Total BIRC5 expression did not correlate with clinical outcome. Fragment length analysis and sequencing of the entire BIRC5 transcript demonstrated three splice variants. The most prominent product, wild-type survivin, was expressed in all samples tested. Two minor transcripts were present in 90 patients treated on CCG-2961; survivin-2B and a novel variant, survivin-ΔEx2, characterized by deletion of BIRC5 exon II. A high 2B/ΔEx2 expression ratio (≥1) correlated with increased diagnostic WBC count, monocytic phenotype, +8 cytogenetics, lower complete remission (45% [n = 10] vs. 88% [n = 59], P < 0.001) and higher induction failure rates (23% [n = 5] vs. 3% [n = 2], P = 0.009). Consistent with this poor induction response, patients with a 2B/ΔEx2 ratio ≥1 had inferior 5-year survival rates (OS 36% vs. 60%, P = 0.011; EFS 23% vs. 53% at 5 years, P = 0.001) and appear to have increased relapse risk (P = 0.056).
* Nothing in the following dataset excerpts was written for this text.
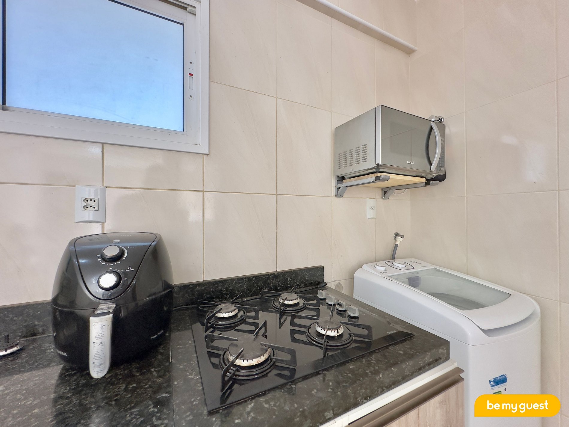 O apartamento comporta até 3 pessoas com total conforto! Com um quarto com ar-condicionado, uma cozinha compacta e uma sala de estar super confortável! Uma varanda térrea bem espaçosa!
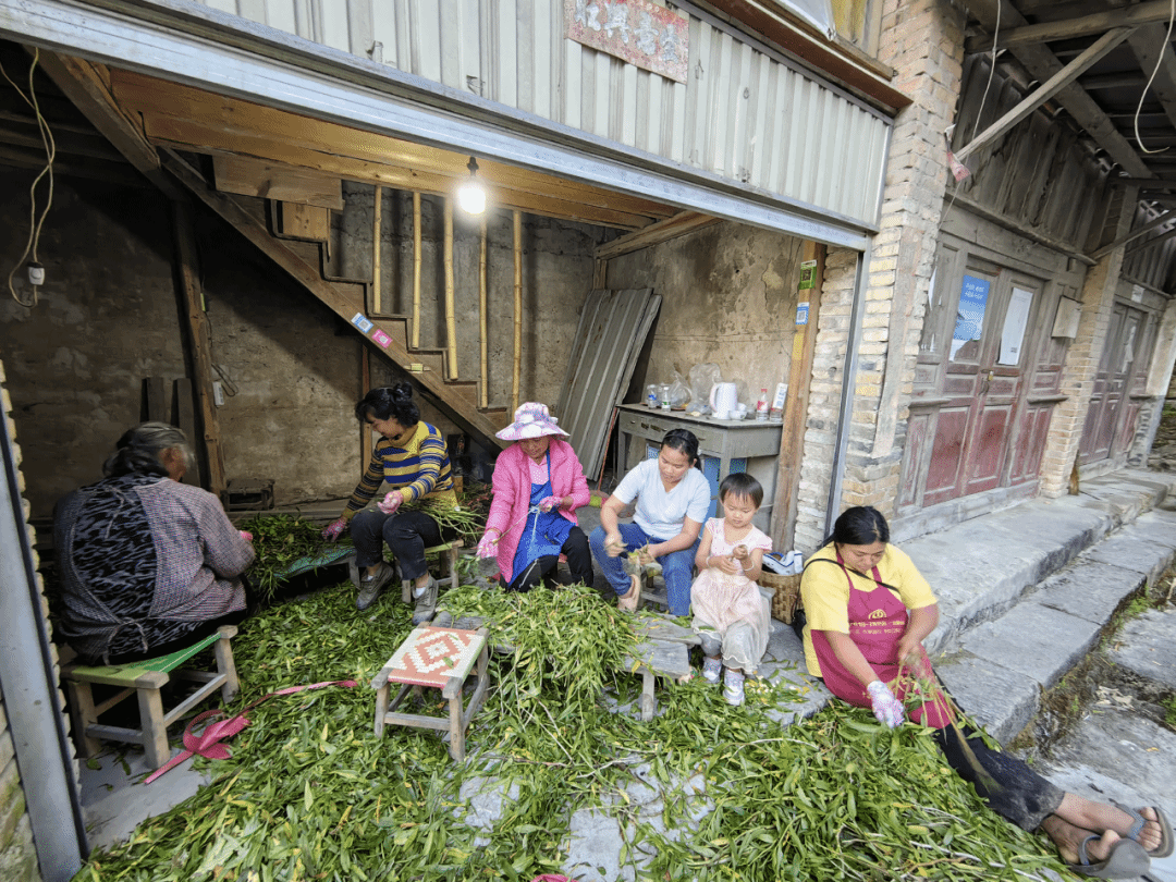 进入石斛鲜草收割季的象达变得更加鲜活起来。种植户和务工村民们聚集在田边、村口、活动场所等地,谈笑风生间有条不紊将收割的鲜条除叶、分拣、装绑好。“从前割草喂猪,赚不到钱,后来大伙儿种植石斛,小额信贷帮助我们减轻成本负担,现在每年很有盼头呢。”务工的杨大妈一边捆着石斛一边说。
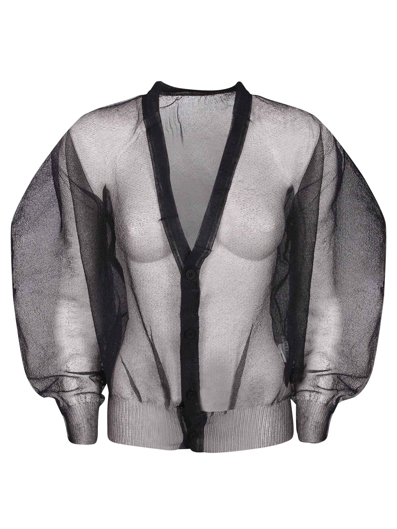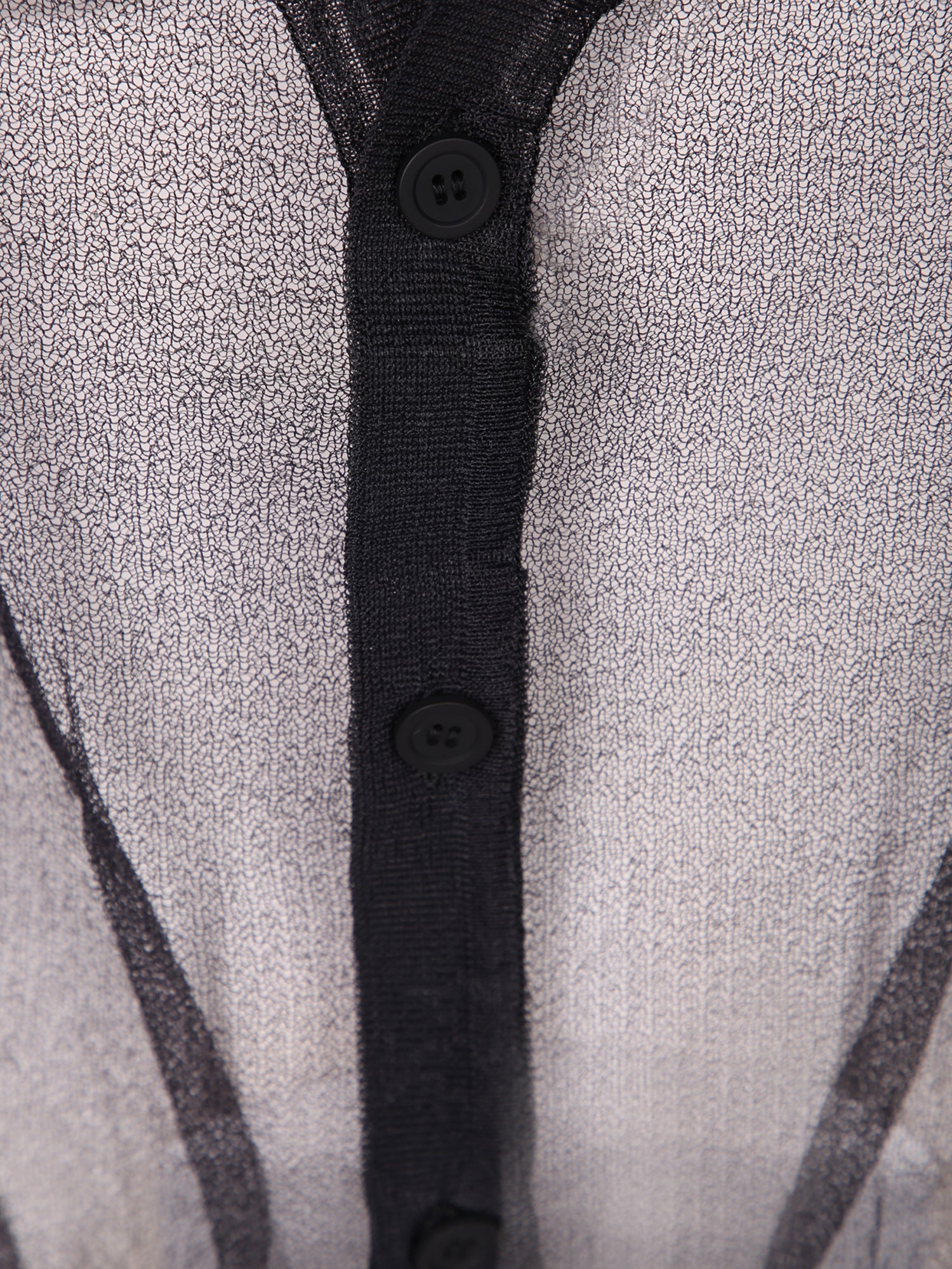 Transparent nylon cardigan. Ribbed edges and trims. Button front closure.

Subset analyses suggest that relative over-expression of 2B, rather than under-expression of ΔEx2 determines clinical response.

Conclusions

High survivin-2B/ΔEx2 ratios are associated with refractory disease and inferior survival in childhood AML. Survivin splice variant expression warrants prospective evaluation in clinical trials. Pediatr Blood Cancer 2014;61:647–652. © 2013 Wiley Periodicals, Inc.